§ **Available data**:
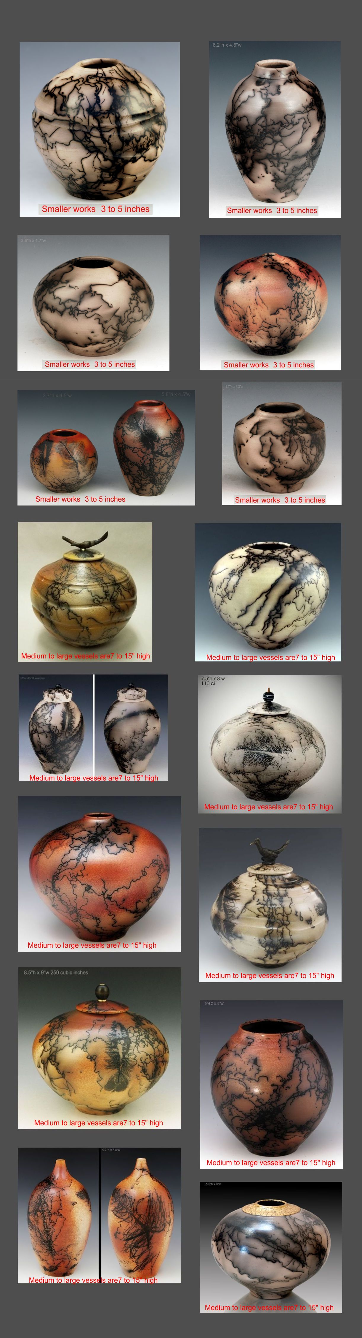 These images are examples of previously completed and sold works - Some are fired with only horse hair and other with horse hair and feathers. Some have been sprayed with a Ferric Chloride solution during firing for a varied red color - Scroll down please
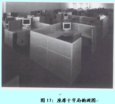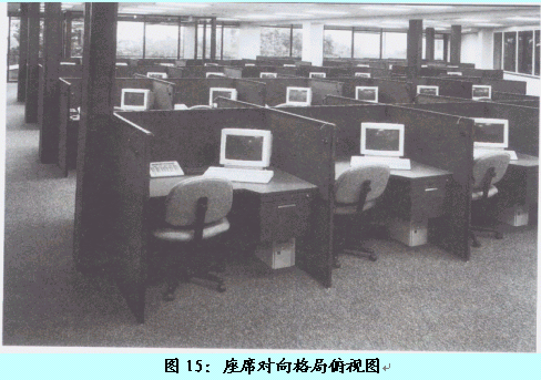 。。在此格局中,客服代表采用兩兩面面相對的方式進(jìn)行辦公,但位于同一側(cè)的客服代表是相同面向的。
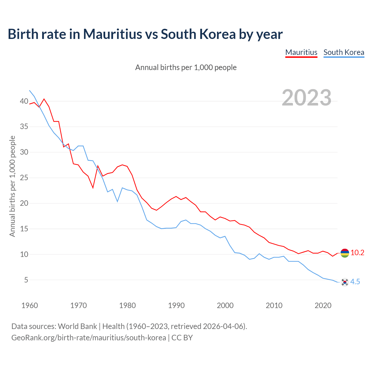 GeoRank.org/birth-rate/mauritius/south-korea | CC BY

§ **Aim of the task**:
Each line above must be set down exactly, though no picture should be carried over.

§ **Finished exercise**:
 These images are examples of previously completed and sold works - Some are fired with only horse hair and other with horse hair and feathers. Some have been sprayed with a Ferric Chloride solution during firing for a varied red color - Scroll down please
 。。在此格局中,客服代表采用兩兩面面相對的方式進(jìn)行辦公,但位于同一側(cè)的客服代表是相同面向的。
 GeoRank.org/birth-rate/mauritius/south-korea | CC BY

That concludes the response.